Description
I ran a crawl of 100k web pages and got:
org.apache.nutch.fs.FSError: java.io.IOException: No space left on device
at org.apache.nutch.fs.LocalFileSystem$LocalNFSFileOutputStream.write(LocalFileSystem.java:149)
at org.apache.nutch.fs.FileUtil.copyContents(FileUtil.java:65)
at org.apache.nutch.fs.LocalFileSystem.renameRaw(LocalFileSystem.java:178)
at org.apache.nutch.fs.NutchFileSystem.rename(NutchFileSystem.java:224)

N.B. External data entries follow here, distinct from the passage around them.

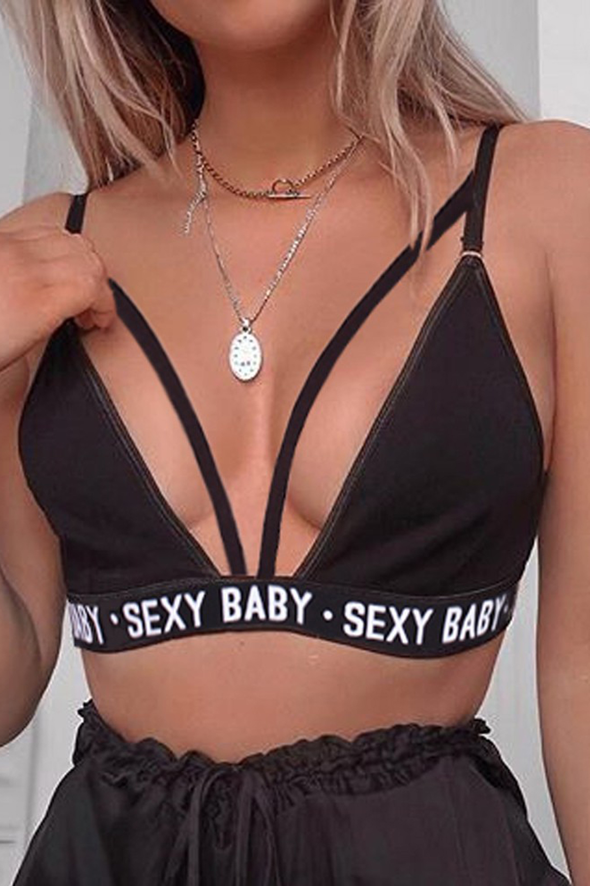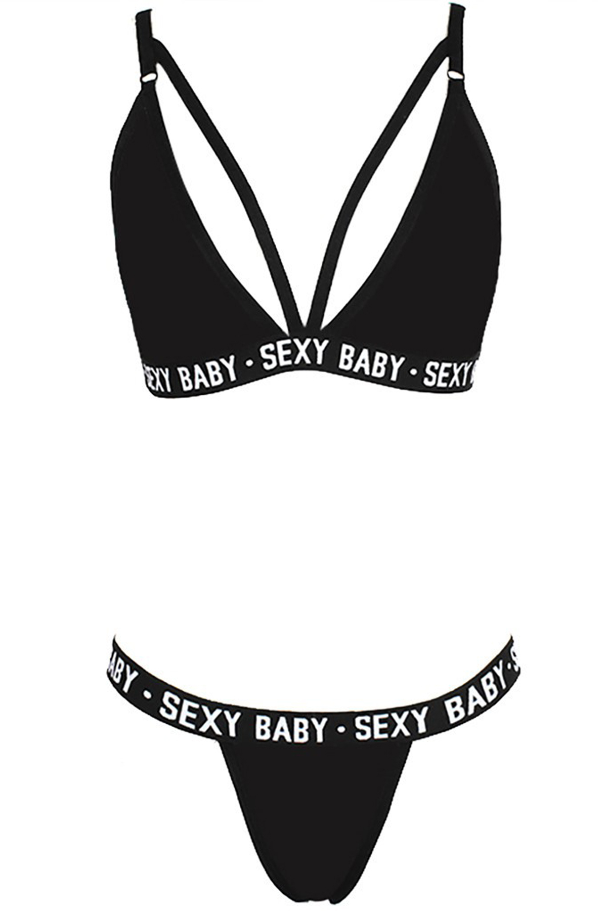 Kadın Siyah Yazı Detaylı Ipli Sütyen Takımı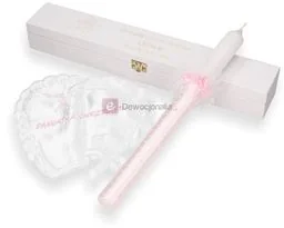 Zestaw na Chrzest Święty z spersonalizowanym pudełku Niezapomniana pamiątka z okazji Sakramentu Chrztu. Świeca ręcznie dekorowana z ozdobnym stroikiem oraz w komplecie z atłasową szatką. Nasze świece są zdobione z najwyższej jakości dodatków, produkt wysokiej klasy, dobrej jakości wosku, niekapiąca, nie kopcąca, polskiego producenta. W zestawie również drewniane pudełko z grawerowaną dedykacją to doskonała pamiątka. Materiał: drewno sosnowe, sklejka brzozowa, elementy metalowe Kolor: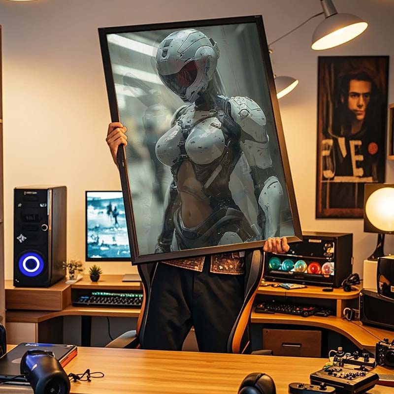 Tauche ein in die Welt der futuristischen Action: Das Cyborgina Poster zeigt eine starke Cyborg-Kämpferin, wie aus einem epischen Shooter-Spiel inspiriert. Das Artwork erinnert an Kult-Titel wie Fortnite oder PUBG und vereint Gaming-Ästhetik mit moderner Poster-Kunst.

at org.apache.nutch.mapred.LocalJobRunner$Job.run(LocalJobRunner.java:80)
Caused by: java.io.IOException: No space left on device
at java.io.FileOutputStream.writeBytes(Native Method)
at java.io.FileOutputStream.write(FileOutputStream.java:260)
at org.apache.nutch.fs.LocalFileSystem$LocalNFSFileOutputStream.write(LocalFileSystem.java:147)
... 4 more
Exception in thread "main" java.io.IOException: Job failed!
at org.apache.nutch.mapred.JobClient.runJob(JobClient.java:308)
at org.apache.nutch.crawl.Fetcher.fetch(Fetcher.java:335)
at org.apache.nutch.crawl.Crawl.main(Crawl.java:107)
byron@db02:/data/nutch$ df -k
It appears crawl created a /tmp/nutch directory that filled up even though i specified a db directory.
Need to add a parameter to the command line or make a globaly configurable /tmp (work area) for the nutch instance so that crawls won't fail.